Missing today's Paduano seminar and an interesting presentation by Stern school prof Dolly Chugh on how fictional graduate students with female names and names associated with minority groups did better compared to those with names associated with white males when they asked for immediate appointments rather than appointments a week away. (Here's a related paper of hers from AER.)
After reading the paper and moving away from thoughts directly related to the study (e.g., it would be interesting to see what would happen if the white male and for that matter the white female names had a less tony, subcultural sound--e.g., Billy Bob Anderson instead of Brad Anderson or Penny Sue Roberts instead of Meredith Roberts), I got to thinking about how social preference modeling could be applied to hiring and positive and negative discrimination...

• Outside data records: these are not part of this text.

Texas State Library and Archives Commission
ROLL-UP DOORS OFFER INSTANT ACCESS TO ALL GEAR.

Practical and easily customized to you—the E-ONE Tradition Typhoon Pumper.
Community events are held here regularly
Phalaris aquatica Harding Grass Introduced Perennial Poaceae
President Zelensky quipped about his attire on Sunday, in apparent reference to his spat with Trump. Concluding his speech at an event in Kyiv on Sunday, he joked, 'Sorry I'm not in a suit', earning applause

Suppose employers fall into three types. Type 1 is egoistic. Type 2 has positive social preferences for a weaker group W, meaning that it is willing to incur some costs on behalf of members of that group that are not recaptured by the employer. Type 3 has negative social preferences for the weaker group, meaning that it is willing to incur some costs against members of that group that are not recaptured by the employer.

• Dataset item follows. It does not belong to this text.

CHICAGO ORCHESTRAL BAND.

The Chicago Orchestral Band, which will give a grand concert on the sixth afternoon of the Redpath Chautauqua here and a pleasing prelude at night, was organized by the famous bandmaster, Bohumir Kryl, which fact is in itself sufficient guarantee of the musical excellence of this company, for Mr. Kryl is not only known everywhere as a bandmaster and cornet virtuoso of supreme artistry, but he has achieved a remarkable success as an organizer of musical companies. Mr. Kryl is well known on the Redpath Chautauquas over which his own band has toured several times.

Now suppose employers are deciding whether to hire W job candidates for a job with a standard wage and benefits and a number of incumbents in the firm already performing the job. All three types of employer share a prior that members of the stronger group S are superior in terms of their average job skills. Information about the individual quality of S and W candidates relative to incumbent employees can be acquired, but doing so costs the employer more than the return from knowing the information.

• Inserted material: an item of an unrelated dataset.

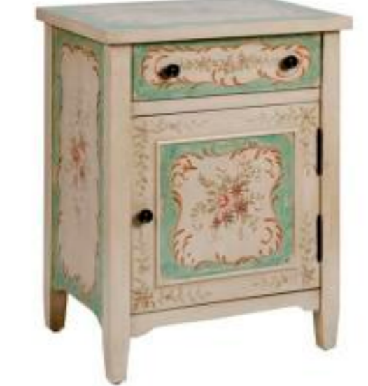
Hand-painted floral accent table, $150-$180, is part of its new collection for QVC

If all employers are Type 1 egoists, no W candidates will be hired. The result is socially suboptimal, assuming that some of the rejected W applicants are in fact more qualified than some of the accepted S ones and that the social cost of determining the identity of some or all of these W applicants is less than the corresponding social benefit of hiring tham.
The analysis is exactly the same is true if all the employers are Type 3 negative discriminators. That result of this simple model gets us to a perhaps key point: One reason for stigmatizing negative social preferences against a weaker group as racism is that such negative preferences may well not have any positive social value, compared to simple neutrality with respect to that group.
Finally, if all employees are Type 2 positive discriminators, W employees may be hired, depending on the strength of the social preferences for them. This may produce a social welfare improvement, depending on whether the social benefits exceed the Type 3 employers’ costs.